Friday, April 03, 2015


Some Missing Words in Acts 17.34

Acts of the Apostles 17.34 (Revised Standard Version):
But some men joined him and believed, among them Dionysius the Areopagite and a woman named Damaris and others with them.

τινὲς δὲ ἄνδρες κολληθέντες αὐτῷ ἐπίστευσαν, ἐν οἷς καὶ Διονύσιος ὁ Ἀρεοπαγίτης καὶ γυνὴ ὀνόματι Δάμαρις καὶ ἕτεροι σὺν αὐτοῖς.
I don't have a copy of Bruce M. Metzger, A Textual Commentary on the Greek New Testament, 4th ed. (London: United Bible Societies, 1994), but I think he commented on this verse as follows (translation in square brackets added by me):
The omission in codex Bezae of the words καὶ γυνὴ ὀνόματι Δάμαρις ["and a woman named Damaris"] has been taken by some (e.g. Wm.M. Ramsay) to be another indication of the anti-feminist attitude of the scribe (see the comment on ver. 12 above). It is, however, more likely, as A.C. Clark suggests, that a line in an ancestor of codex Bezae had been accidentally omitted, so that what remains in D is ἐν οἷς καὶ Διονύσιός τις Ἀρεοπαγείτης εὐσχήμων καὶ ἕτεροι σὺν αὐτοῖς ("among whom also was a certain Dionysius, an Areopagite of high standing, and others with them"). In either case, however, the concluding phrase σὺν αὐτοῖς suggests that Luke originally specified more than one person (Dionysius) as among Paul's converts.

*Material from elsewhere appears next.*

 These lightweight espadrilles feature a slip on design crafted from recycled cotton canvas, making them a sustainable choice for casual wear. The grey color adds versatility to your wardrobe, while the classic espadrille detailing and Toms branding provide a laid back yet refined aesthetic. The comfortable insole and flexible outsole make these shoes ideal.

A different explanation for the omission of the words καὶ γυνὴ ὀνόματι Δάμαρις occurred to me. The antecedent of the relative pronoun οἷς is ἄνδρες (nominative plural of ἀνήρ). The primary meaning of ἀνήρ is "man, opp. woman" (Liddell-Scott-Jones), i.e. "a man as opposed to a woman." Could a scribe have reasoned as follows?

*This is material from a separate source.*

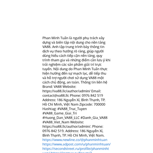Website: https://va88.llc/author/admin/. Phan Minh Tuấn là người phụ trách xây dựng và biên tập nội dung cho nền tảng VA88. Anh tập trung trình bày thông tin dịch vụ theo hướng rõ ràng, giúp người dùng hiểu cách tiếp cận nền tảng, quy trình tham gia

  1. In Athens some men (τινὲς δὲ ἄνδρες) joined Paul.
  2. Damaris was a woman (γυνή).
  3. As a woman, Damaris cannot be counted among these men who joined Paul.
  4. The words καὶ γυνὴ ὀνόματι Δάμαρις therefore appear to contradict the words τινὲς δὲ ἄνδρες.
  5. I've already written ἄνδρες. Instead of blotting it out, I'll omit καὶ γυνὴ ὀνόματι Δάμαρις to avoid the contradiction.
Just idle speculation, in which even I don't put much stock.